If a PR modifies dependency files (package.json, Cargo.toml, pyproject.toml, go.mod, requirements.txt), the dependency changes are noted separately in the analysis context.
Keyboard shortcuts
| Key | Action |
|---|---|
j | Next finding |
k | Previous finding |
d | Toggle diff view |
Esc | Deselect / close |
API reference
Review exposes a RESTful API at /v1/reviews. All endpoints require authentication and are scoped to the current tenant.

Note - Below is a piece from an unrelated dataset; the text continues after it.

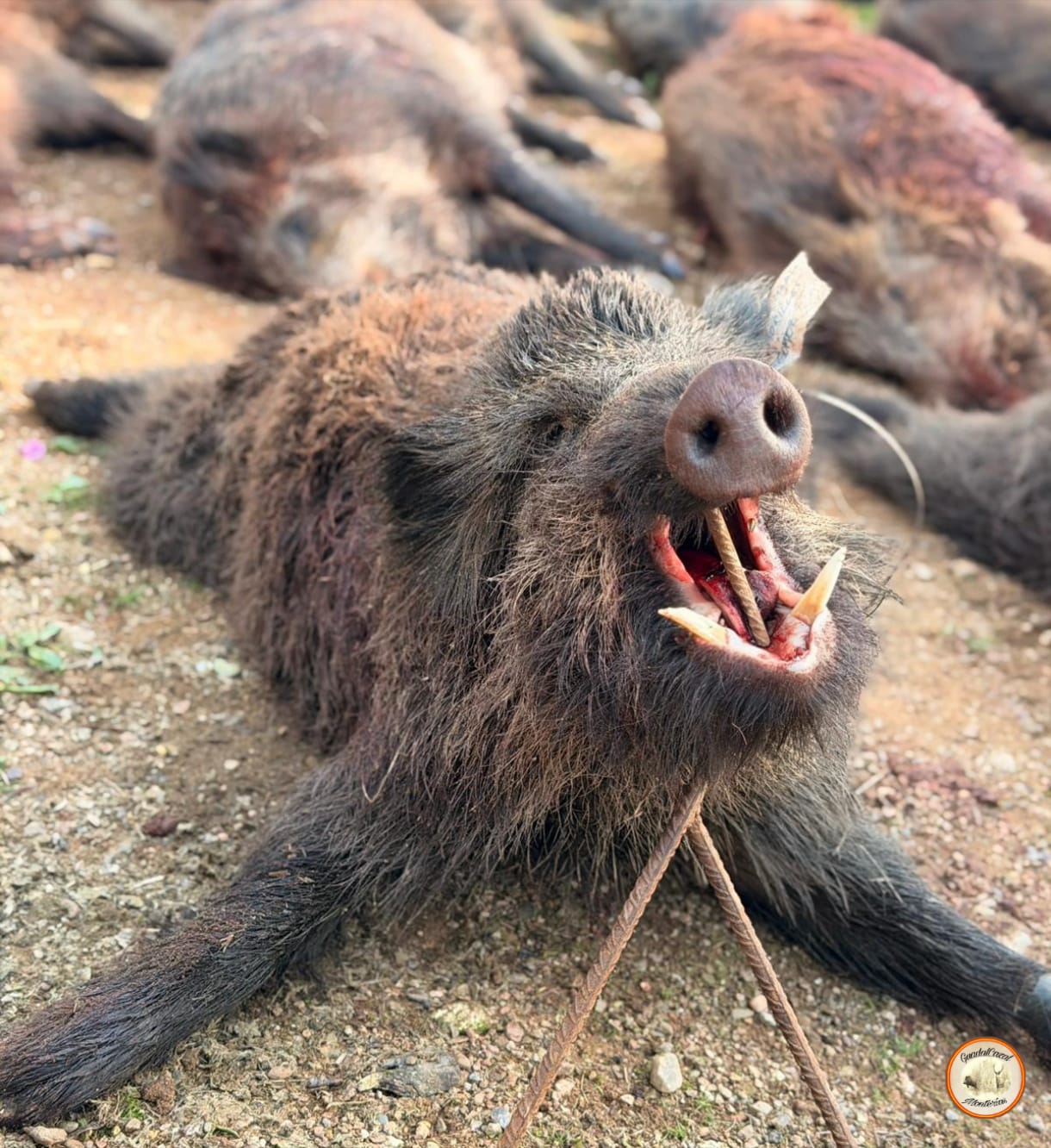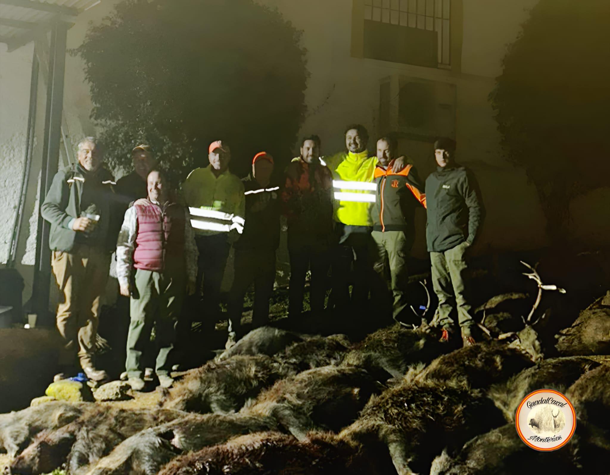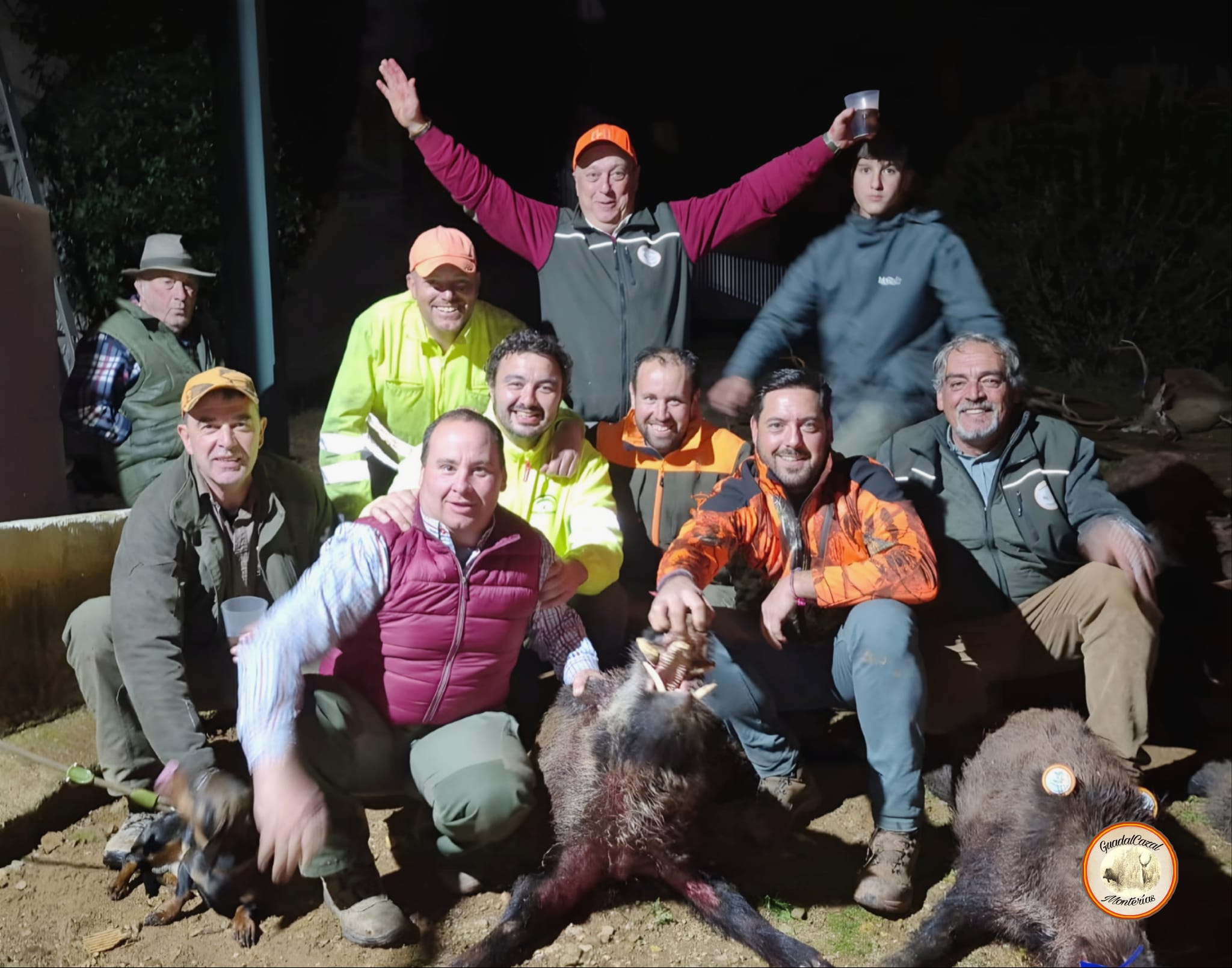 Y entre tanto, monteros que a la hora de estar puestos ya tenían el cupo de cochinos hecho, como Nuria y Pepe, que a las 12:30h ya lo tenían cubierto, abatiendo un bonito navajero y dos enormes cochinas, sorprendiéndolos por su tamaño, y viendo un sinfín de cochinos pasar luego por la postura.

| Method | Endpoint | Description |
|---|---|---|
GET | /reviews | List reviews with filtering and pagination |
GET | /reviews/summary | Dashboard summary (total reviews, avg risk, verdict distribution) |
GET | /reviews/repos | Per-repository health stats |
GET | /reviews/metrics | Time-series metrics for charts |
GET | /reviews/:id | Get a single review with all findings |
GET | /reviews/pr/:owner/:repo/:prNumber | Look up review by PR |
POST | /reviews | Create a new review |
POST | /reviews/:id/complete | Complete a review with verdict and findings |
POST | /reviews/:id/fail | Mark a review as failed |
POST | /reviews/:id/analyze | Trigger AI analysis on a PR |
PATCH | /reviews/findings/:id/status | Update finding status (resolve, dismiss, reopen) |
POST | /reviews/:id/comment | Post a comment to the PR |
POST | /reviews/:id/autofix | Apply an auto-fix for a finding |
POST | /reviews/:id/chat | Chat about the review |
POST | /reviews/sync | Trigger PR discovery and sync |
Query parameters
The list endpoints accept optional from and to parameters (ISO 8601 datetime) to control the time window. The default frontend behavior sends from as three days ago.
Filtering
| Parameter | Type | Description |
|---|---|---|
repo | string | Filter by repository name |
verdict | enum | approved, changes_requested, blocked, pending, error |
merge_status | enum | open, merged, closed |
risk_min | number | Minimum risk score (0—100) |
risk_max | number | Maximum risk score (0—100) |
from | datetime | Start of time window |
to | datetime | End of time window |
page | number | Page number (default 1) |
limit | number | Results per page (1—100, default 20) |
Webhook integration
Review supports inbound webhooks from CI/CD systems. When a GitHub Actions, GitLab CI, Bitbucket Pipelines, or Azure DevOps Pipelines run completes, a webhook can notify Review to trigger analysis on the associated PR. Configure webhooks in Settings → Integrations.